= Bethesda Declaration =

Open letter written by American scientists

The Bethesda Declaration is a letter written and signed on June 9, 2025, by close to 500 employees and staff members of the United States National Institutes of Health (NIH), including some anonymous signatures. The letter requests the restoration of cancelled grants, focusing on "life-saving science" and grants "delayed or terminated for political reasons".

==Background==
The NIH is the world's largest public funder of biomedical research. It has a budget of $48 billion. In 2024, every $1 in NIH funding generated $2.56 in economic activity, and NIH funding supported over 400,000 jobs.

In the days after the second Trump administration took office, the Department of Health and Human Services (HHS)—the parent organization of the NIH—cancelled NIH meetings and travel for over a week as part of a reorganization, preventing the agency from issuing research grants and in effect freezing 80% of its budget. An NIH spokesperson said the pause included "mass communications and public appearances that are not directly related to emergencies or critical to preserving health," and was meant to "allow the new team to set up a process for review and prioritization." Researchers speaking to Nature said this was the first time such a suspension had lasted for more than a day.

According to The Economist:

Many institutions routinely use NIH funds to cover between 50% and 70% of their “indirect” costs, which includes things such as laboratory maintenance, equipment provision and salaries for support and administrative staff. The administration sees that share as too high, and wants to cap indirect costs at 15% of the grant total, in line with similar limits set by private organisations, forcing institutions to pay for the remainder themselves ... The growth of indirect costs was highlighted by the Government Accountability Office during Barack Obama’s presidency, leading the administration to consider a cap of its own. But one of 15% is seen by many as too restrictive.

NIH implementation of a 15% cap on indirect cost funding was permanently blocked by a judge in April. The NIH planned to appeal.

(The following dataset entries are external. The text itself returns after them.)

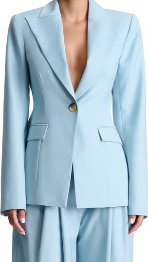 Achieve a sculptural silhouette in this chic one-button blazer framed by sharply peaked lapels and crafted with shapely stretch for easy movement.
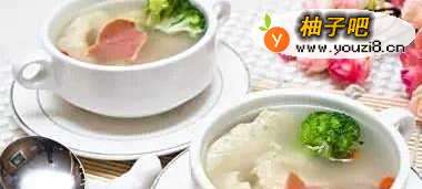 注意调味用料投放顺序,特别注意熬汤时不宜先放盐。因盐会使原料中水分排出,蛋白质凝固,鲜味不足。通常60℃~80℃温度易引起部分维生素破坏,而煲汤使食物温度长时间维持在85℃~100℃。故在汤中加蔬菜应随放随吃,以减少维生素C破坏。汤中适量放入味精、香油、胡椒、姜、葱、蒜等调味品,使其别具特色,但注意用量不宜太多,以免影响汤的原味。
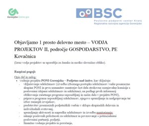 Objavljamo prosto delovno mesto – PROJEKTNI VODJA II
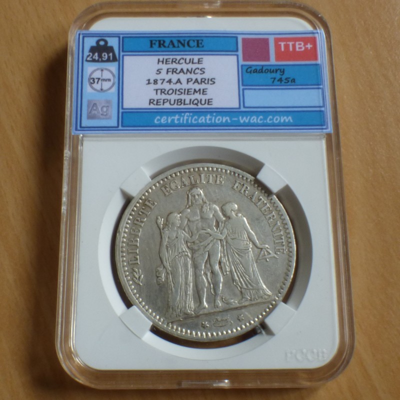 France 5 Francs 1874-A TTB+ argent 90% (25 g) sous SLAB
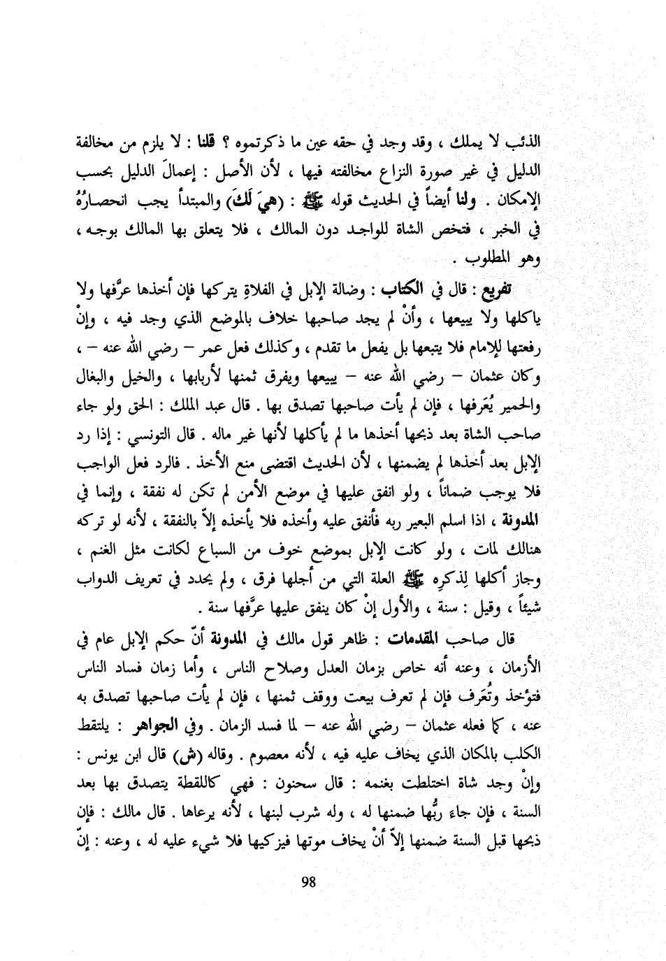 هِيَ لَكَ وَالْمُبْتَدَأُ يَجِبُ انْحِصَارُهُ فِي الْخَبَرِ فَتُخَصُّ الشَّاةُ لِلْوَاجِدِ دُونَ الْمَالِكِ فَلَا يَتَعَلَّقُ بِهَا الْمَالِكُ بِوَجْهٍ وَهُوَ الْمَطْلُوبُ تَفْرِيعٌ قَالَ فِي الْكِتَابِ وَضَالَّةُ الْإِبِلِ فِي الْفَلَاةِ يَتْرُكُهَا فَإِنْ أَخَذَهَا عَرَّفَهَا وَلَا يَأْكُلُهَا وَلَا يَبِيعُهَا وَأَن لم يجد صَاحبهَا خلاف بِالْمَوْضِعِ الَّذِي وُجِدَ فِيهِ وَإِنْ رَفَعْتَهَا لِلْإِمَامِ فَلَا يَتْبَعُهَا بَلْ يَفْعَلُ مَا تَقَدَّمَ وَكَذَلِكَ فَعَلَ عُمَرُ رَضِيَ اللَّهُ عَنْهُ وَكَانَ عُثْمَانُ رَضِيَ اللَّهُ عَنْهُ يَبِيعُهَا وَيُفَرِّقُ ثَمَنَهَا لِأَرْبَابِهَا وَالْخَيْلُ وَالْبِغَالُ وَالْحَمِيرُ يُعَرِّفُهَا فَإِنْ لَمْ يَأْتِ صَاحِبُهَا تَصَدَّقَ بِهَا قَالَ عَبْدُ الْمَلِكِ الْحَقُّ وَلَوْ جَاءَ صَاحِبُ الشَّاةِ بَعْدَ ذَبْحِهَا أَخَذَهَا مَا لَمْ يَأْكُلْهَا لِأَنَّهَا غَيْرُ مَالِهِ قَالَ التُّونِسِيُّ إِذَا رَدَّ الْإِبِلَ بَعْدَ أَخْذِهَا لَمْ يَضْمَنْهَا لِأَنَّ الْحَدِيثَ اقْتَضَى مَنْعَ الْأَخْذِ فَالرَّدُّ فِعْلُ الْوَاجِبِ فَلَا يُوجِبُ ضَمَانًا وَلَوْ أَنْفَقَ عَلَيْهَا فِي مَوْضِعِ الْأَمْنِ لَمْ تَكُنْ لَهُ نَفَقَةٌ وَإِنَّمَا فِي الْمُدَوَّنَةِ إِذَا أَسْلَمَ الْبَعِيرَ رَبَّهُ فَأَنْفَقَ عَلَيْهِ وَأَخَذَهُ فَلَا يَأْخُذُهُ إِلَّا بِالنَّفَقَةِ لِأَنَّهُ لَوْ تَرَكَهُ هُنَالِكَ لَمَاتَ وَلَوْ كَانَتِ الْإِبِلُ بِمَوْضِعِ خَوْفٍ مِنَ السِّبَاعِ لَكَانَتْ مِثْلَ الْغَنَمِ وَجَازَ أَكْلُهَا لِذِكْرِهِ - صَلَّى اللَّهُ عَلَيْهِ وَسَلَّم َ - الْعِلَّةَ الَّتِي مِنْ أَجْلِهَا فَرَّقَ وَلَمْ يُحَدِّدْ فِي تَعْرِيف الدَّوَابّ شَيْئا وَقيل سنة وَالْأول إِنْ كَانَ يُنْفِقُ عَلَيْهَا عَرَّفَهَا سَنَةً قَالَ صَاحِبُ الْمُقَدِّمَاتِ ظَاهِرُ قَوْلِ مَالِكٍ فِي الْمُدَوَّنَةِ أَنَّ حُكْمَ الْإِبِلِ عَامٌ فِي الْأَزْمَانِ وَعَنْهُ أَنَّهُ خَاصٌّ بِزَمَانِ الْعَدْلِ وَصَلَاحِ النَّاسِ وَأَمَّا زَمَانُ فَسَادِ النَّاسِ فَتُؤْخَذُ وَتُعْرَفُ فَإِنْ لَمْ تُعْرَفْ بِيعَتْ وَوُقِفَ ثَمَنُهَا فَإِنْ لَمْ يَأْتِ صَاحِبُهَا تُصُدِّقَ بِهِ عَنْهُ كَمَا فَعَلَهُ عُثْمَانُ رَضِيَ اللَّهُ عَنْهُ لَمَّا فَسَدَ الزَّمَانُ وَفِي الْجَوَاهِرِ يُلْتَقَطُ الْكَلْبُ بِالْمَكَانِ الَّذِي يُخَافُ عَلَيْهِ فِيهِ لِأَنَّهُ مَعْصُومٌ وَقَالَهُ ش قَالَ ابْنُ يُونُسَ وَإِنْ وَجَدَ شَاةً اخْتَلَطَتْ بِغَنَمِهِ قَالَ سَحْنُونٌ فَهِيَ كَاللُّقَطَةِ يُتَصَدَّقُ بِهَا بَعْدَ السَّنَةِ فَإِنْ جَاءَ رَبُّهَا ضَمِنَهَا لَهُ وَلَهُ شُرْبُ لَبَنِهَا لِأَنَّهُ يَرْعَاهَا قَالَ مَالِكٌ فَإِنْ ذَبَحَهَا قَبْلَ السَّنَةِ ضَمِنَهَا إِلَّا أَنْ يَخَافَ مَوْتَهَا فَيُزَكِّيهَا فَلَا شَيْءَ عَلَيْهِ لَهُ وَعَنْهُ إِنْ

The Association of American Medical Colleges (AAMC) reported that, by May 20, the NIH had cancelled $2.5 billion in grants to US institutions, including $1.4 billion to US medical schools and hospitals. 30% of cancelled funding supported active clinical trials. The report called the cancellations "unprecedented in the history of the agency."

==Letter==
The letter mentions that $9.5 billion dollars in grants affecting around 2,100 projects have been cut, that $2.6 billion in contracts have been cut, and that there are plans to cut up to 40% of NIH's $48 billion budget in the future. The declaration raises concerns about reducing funding for indirect costs of research at universities, which were recently lowered to 15%. The letter mentions the inefficiency of cutting nearly complete projects and how that is actually wasting money rather than saving it. The declaration shares concerns about the firing of NIH staff. The declaration expresses concern that orders from Trump administration officials will lead to NIH not being able to spend its entire budget this year, and will be used as justification to cut the budget next fiscal year. The signatories mentioned that there is a "culture of fear and suppression" at NIH right now.

Some specific grants and contracts that were cancelled include drug-resistant tuberculosis research in Haiti. The abrupt manner in which the studies were terminated resulted in issues such as ending medication for patients early or leaving monitoring device implants in patients without removing them.

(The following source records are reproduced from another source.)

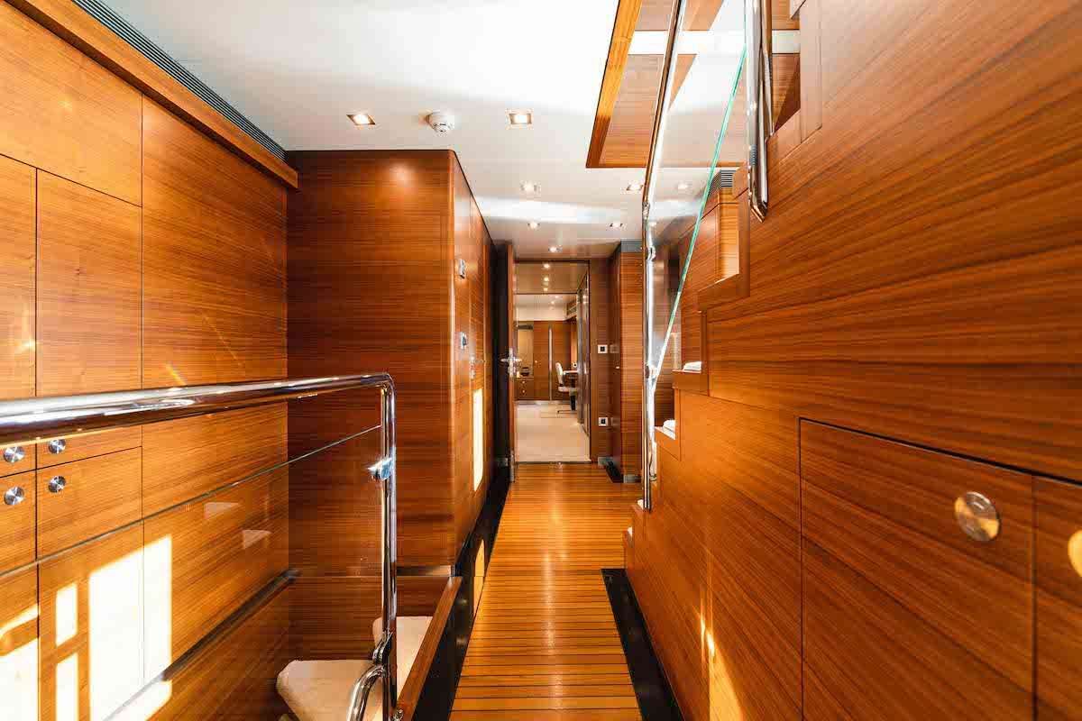 Below deck features the well-appointed VIP with King bed, vanity, walk in closet and ample storage space. The Portside KING stateroom is just aft of the VIP, mid-ship. Also Midship, the Starboard Twin stateroom has amble space, hanging closet and a spacious pullman. Another Twin stateroom is aft with a separate staircase. This stateroom is ideal for older kids or an adult seeking just a bit more privacy, this room also has a hanging closet and Spacious pullman.
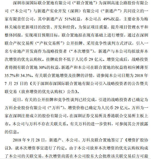深高速9月28日港交所公告称,有关的公开挂牌和竞争性谈判已经完成,引进的战略投资者已确定为万科,增资价格已确定为人民币29亿元。
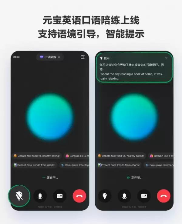 腾讯元宝上线AI口语陪练,人人都能免费练英语了
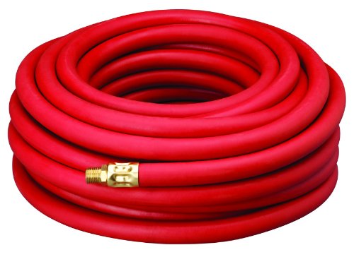 The Amflo 515-50 red rubber air hose has a 1/2″ ID and is 50 ft. long. Its rubber construction provides resistance to abrasion and allows the hose to remain flexible at temperatures ranging from -20 to +165 degrees F. Its polyester yarn reinforcement provides the strength necessary to achieve and take care of its maximum pressure rating of 300 pounds per square inch (psi), and it comes equipped with two 1/2″ factory-installed brass male National Pipe Thread Taper (NPT) fittings. This hose is suitable for quite a lot of commercial and industrial pneumatic applications.
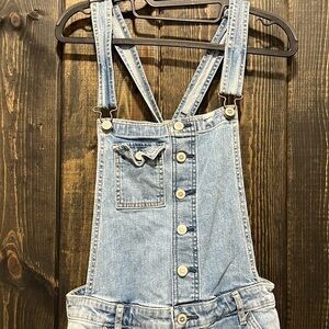 Hollister brand denim overalls. Size medium. Stretch. Low rise. Button front with pocket. Criss cross back. Vintage inspired with modern flair. Distressed overall look. Preloved. Please see all photos for condition. Cute boho chic style. Stock photos are for style & fit reference only, not a representation of condition.
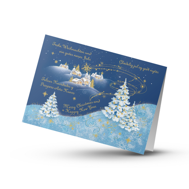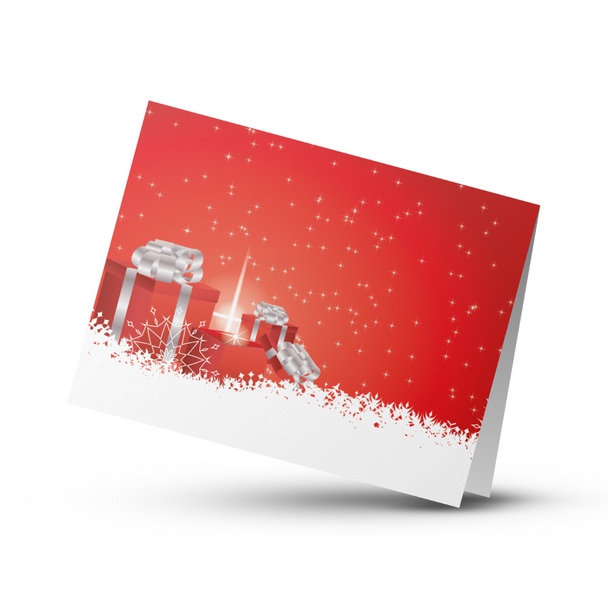 Julekort i det klassiske kort format, vinklet som landskab eller horisontalt.
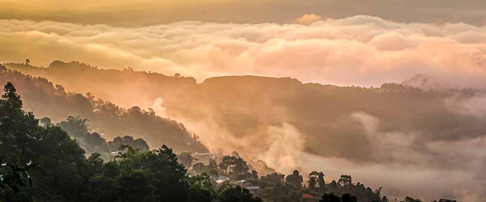 Dieses Naturschauspiel, bei dem der Nebel minütlich kommt und geht, plötzlich aus dem Nichts ein einzelner Gipfel angeleuchtet wird, während die anderen im Dunkeln bleiben, die Sonne langsam höher steigt, das Licht sich ändert – hach! Ich gehöre ja eher zu den nüchtern-sachlichen Zeitgenossen. Doch hier und jetzt bleibt mir wirklich fast die Luft weg.
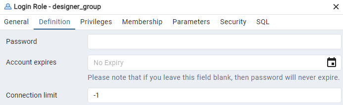 - 그룹 롤 관련: 그룹 롤은 일반적으로 로그인하지 않는 NOLOGIN 속성을 가지므로, 이 필드는 비워두는 경우가 많습니다. 하지만 로그인 가능한 롤(사용자 롤)을 만들 때는 비밀번호를 입력해야 합니다.
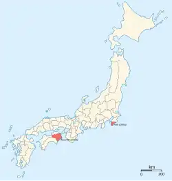 - la province d'Awa (阿波国) sur l'île de Shikoku, qui fait partie de l'actuelle préfecture de Tokushima.

The letter was sent to NIH leader Jay Bhattacharya, the Department of Health and Human Services Secretary Robert F. Kennedy Jr., and members of Congress who provide oversight to NIH.

The letter mentions that it took inspiration from a different dissent letter, the Great Barrington Declaration, from 2020. This is not the only recent dissent action by employees of NIH; in May some staffers walked out of a town hall meeting where the agency's leader, Jay Bhattacharya, was speaking.

The declaration is named after the city of Bethesda, Maryland, which is the location of the NIH's headquarters. There were 92 full name signatures and 250 anonymous signatures. There were signatories from all 27 NIH institutes.

A second, similar letter was published on the website of Stand Up For Science. By July 2025 it had received more than 31,000 signatures, including 69 from Nobel Prize winners.